No lado socialista, há quem se mantenha firme na procura de um acordo com o Cs, a conjugação parlamentar mais estável saída das eleições de 28 de Abril, com uma confortável maioria absoluta de 180 deputados, quatro acima do necessário. Ainda esta segunda-feira, Emiliano García Page, que conquistou em Castela-La Mancha uma duas únicas maiorias absolutas nas eleições autonómicas, sublinhava, em entrevista ao La Razón, que “isto é o que Espanha quis votar: não aos extremos, antes uma grande força que se possa entender”. E entenda-se “isto” como um acordo parlamentar com o Cs.

Nesse sentido, a decisão tomada esta segunda-feira por Pedro Sánchez, de tentar travar as negociações de governo dos socialistas navarros, mostram que o líder socialista não quer dar azo a que um acordo para Espanha se deite a perder por um governo autonómico. O líder do PSOE mandou travar as negociações porque o acordo precisa da abstenção do EH Bildu, partido da esquerda independentista basca.

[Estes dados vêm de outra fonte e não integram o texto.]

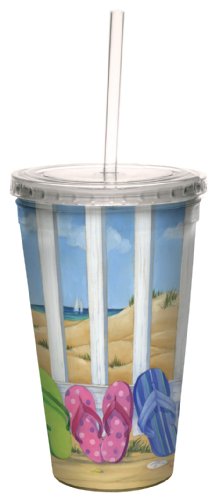 Tree-Free Greetings cc33412 Fun Flip Flop Beach by Paul Brent Artful Traveler Double-Walled Cool Cup with Reusable Straw, 16-Ounce, Multicolored
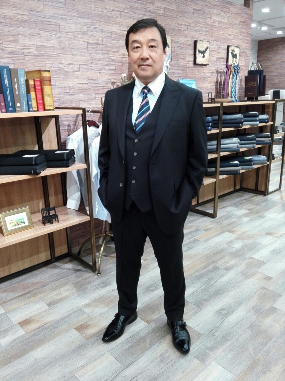 スーツの特徴:ブラックのシャドーストライプが角度によって綺麗な光沢が出るストライプ柄です✨
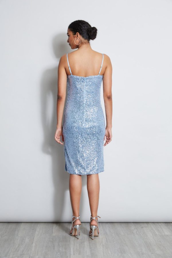 - Sleeveless Sequin Dress with Draped Cowl Neckline
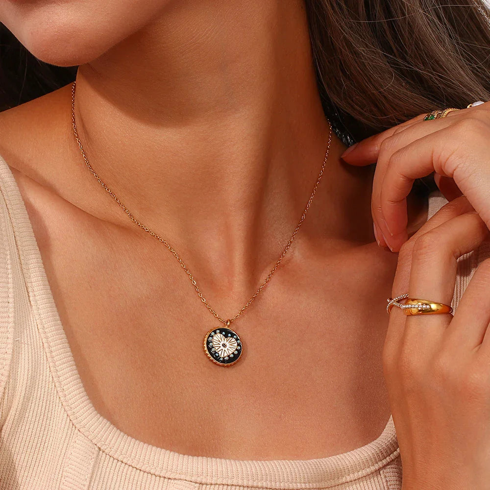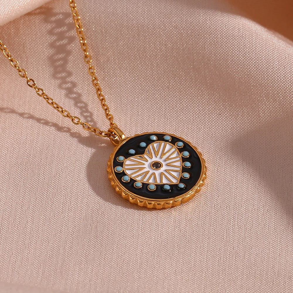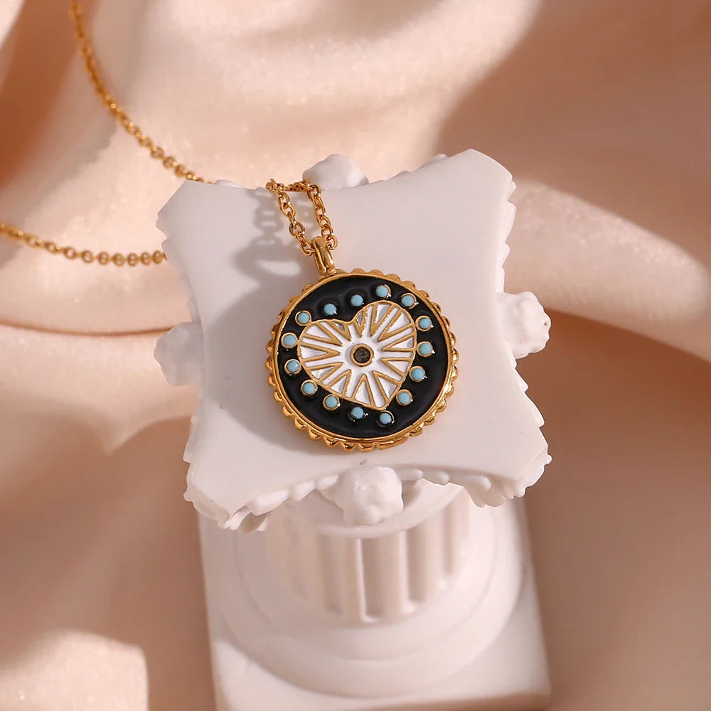 Design Elegante: O pingente de coração com detalhes em esmalte preto e branco adiciona um toque de modernidade e classe.
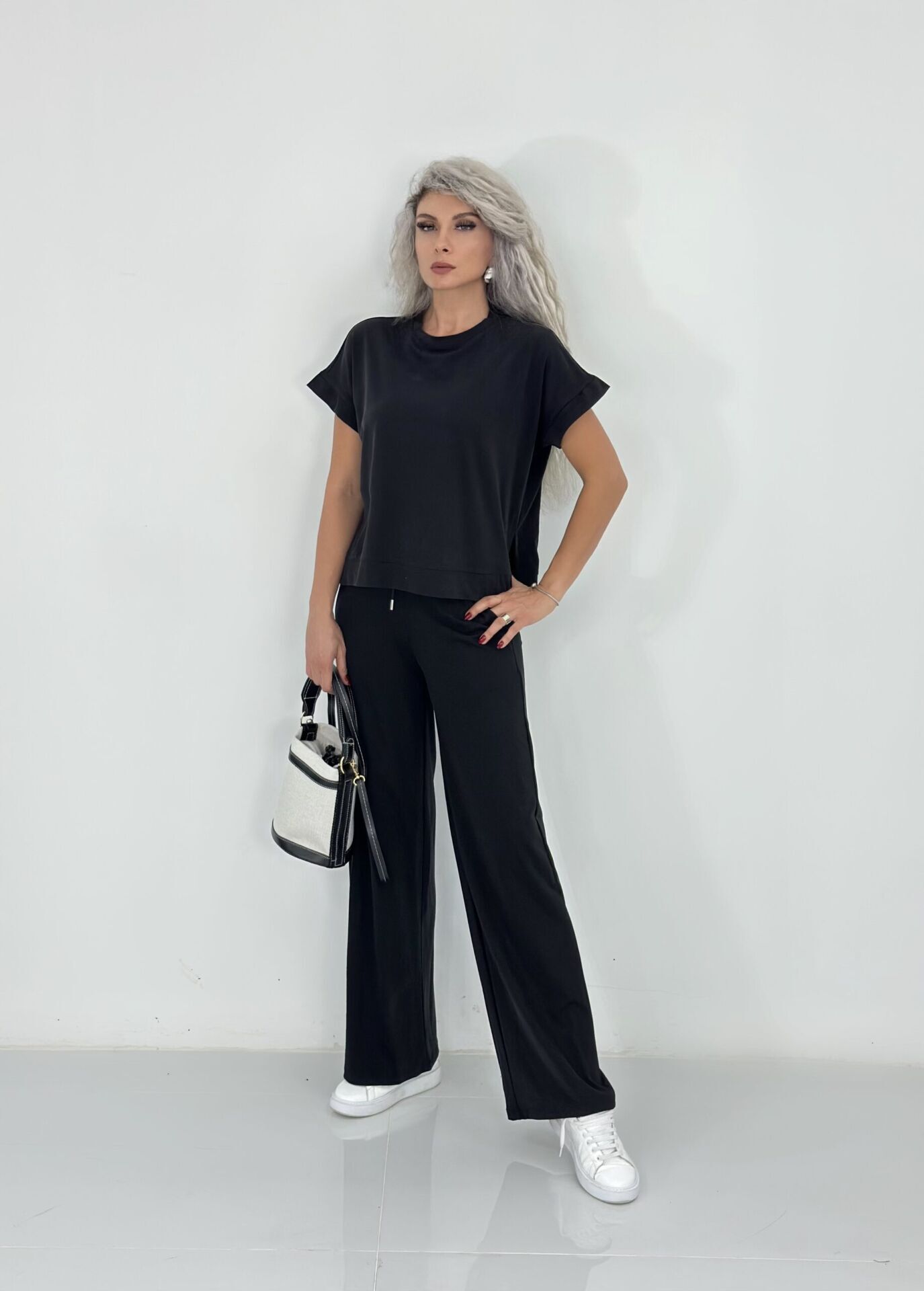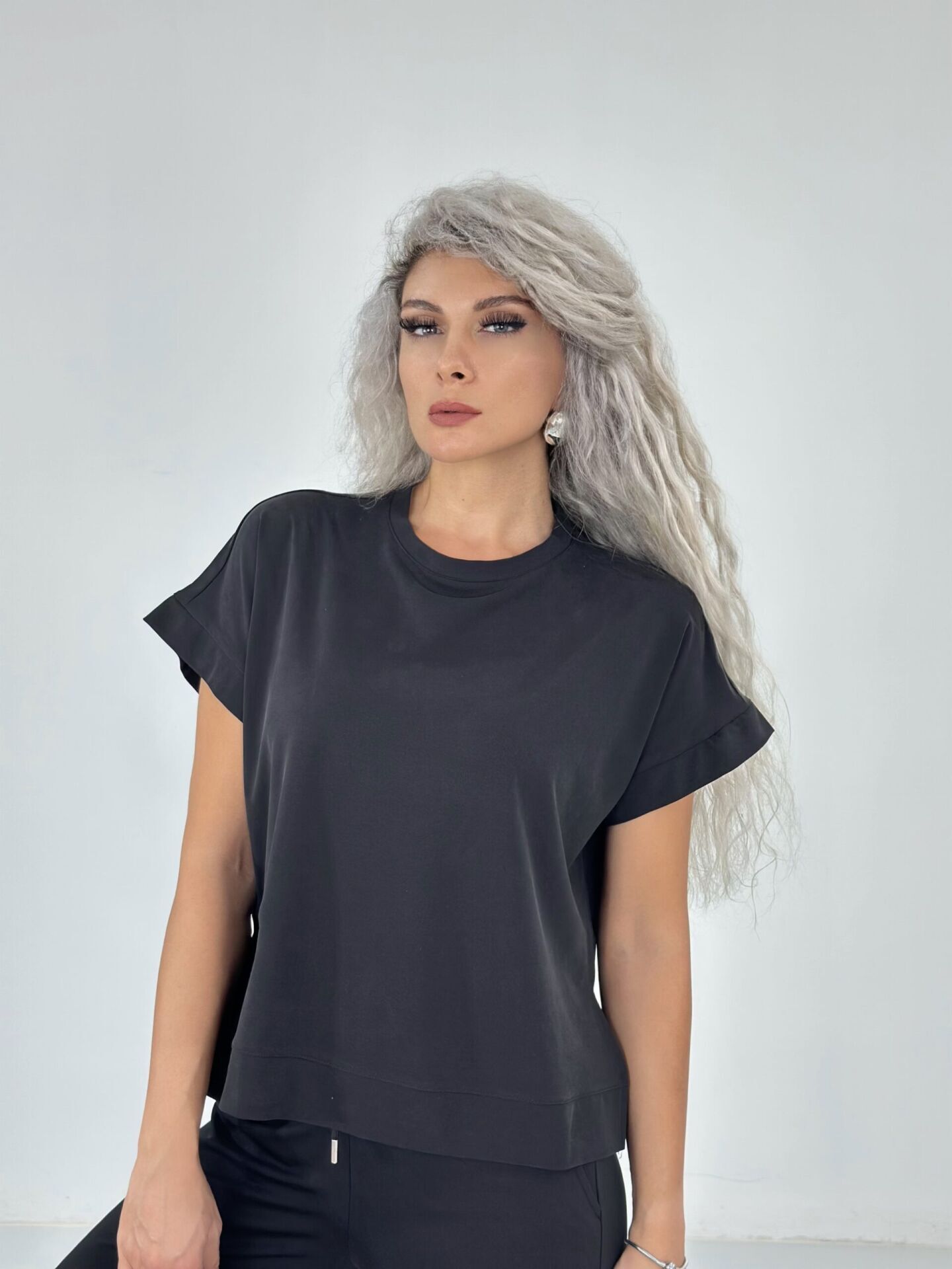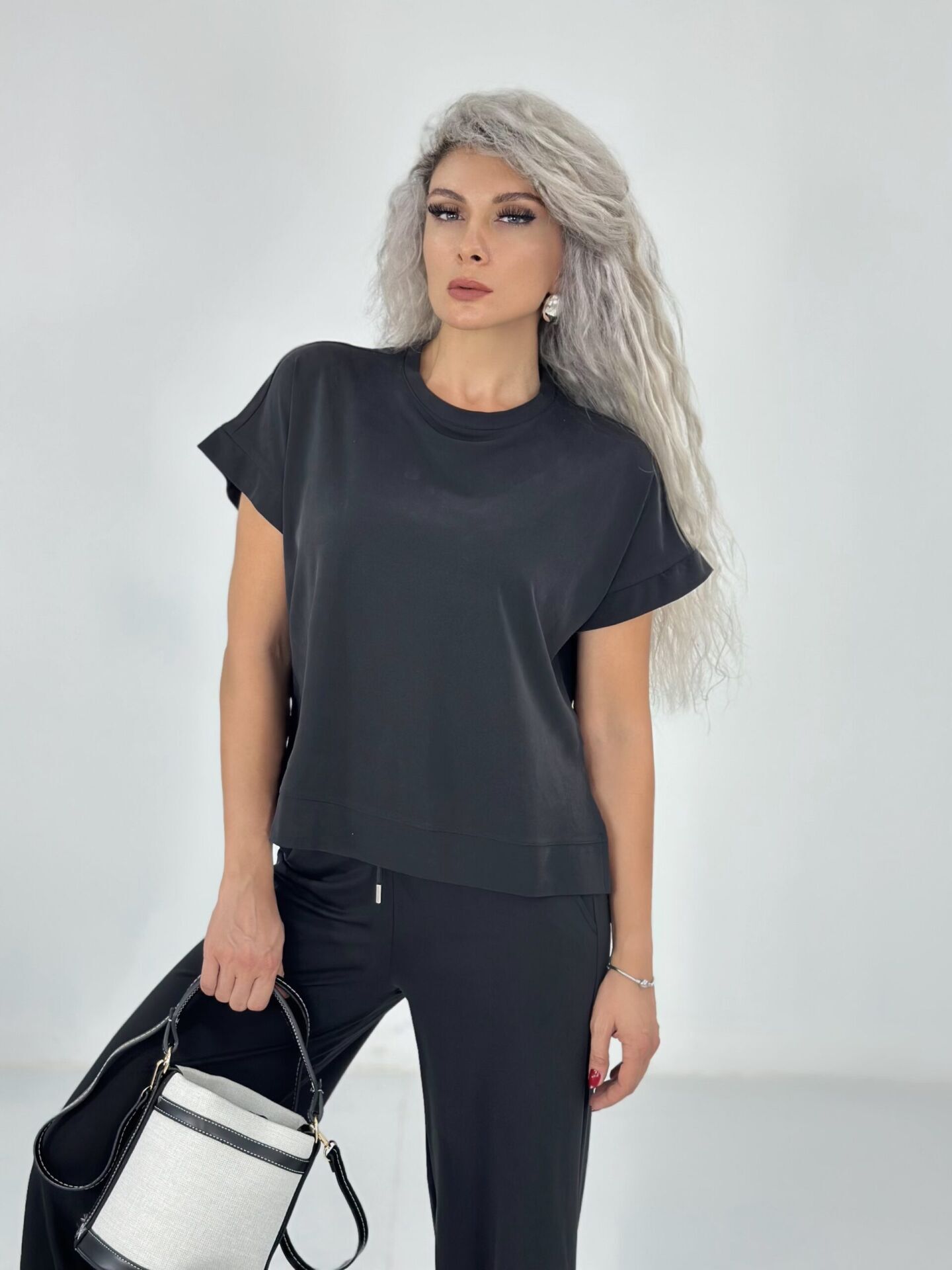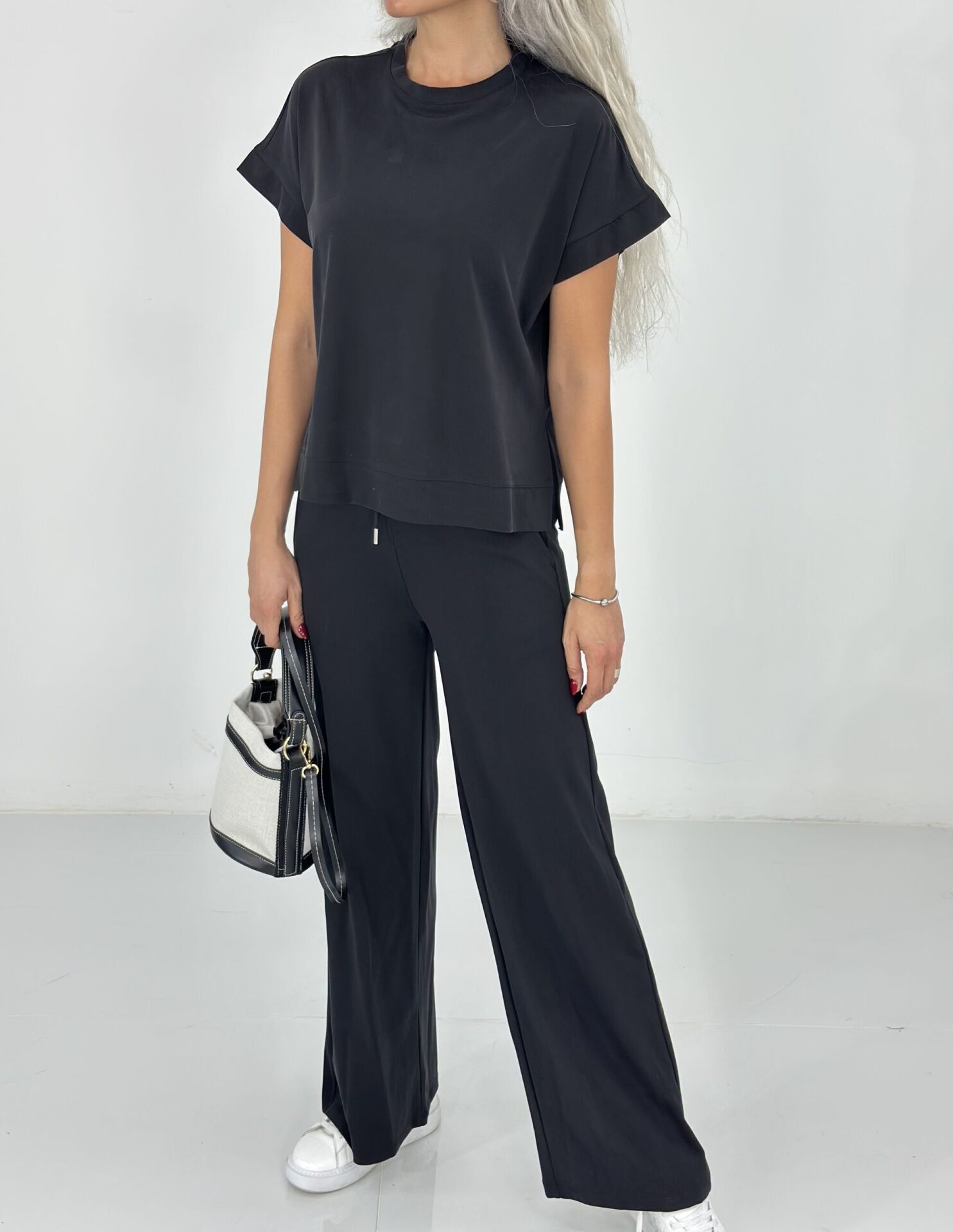 Siyah Kısa Kol Modal Kumaş Takım

Os socialistas navarros ficaram em segundo lugar, com 11 deputados, atrás da coligação Navarra Suma (União do Povo Navarro, PP e Cs) que obteve 20. María Chivite quer juntar os nove deputados do Geroa Bai – nome do Partido Nacionalista Basco (PNV) em Navarra –, os dois do Podemos e um do Esquerda-Eskerra para superar os 20 deputados da direita. Só que essa maioria ficará sempre dependente dos sete deputados do Bildu.

No entanto, segundo o eldiario.es, Chivite fez orelhas moucas à indicação dos socialistas de Madrid e mantém a intenção de formar um executivo de esquerda, explicando que não tinha intenções de negociar com o Bildu. Ao mesmo tempo, o PNV condicionava o seu apoio a um governo de Sánchez em Espanha, ao acordo com os socialistas em Navarra.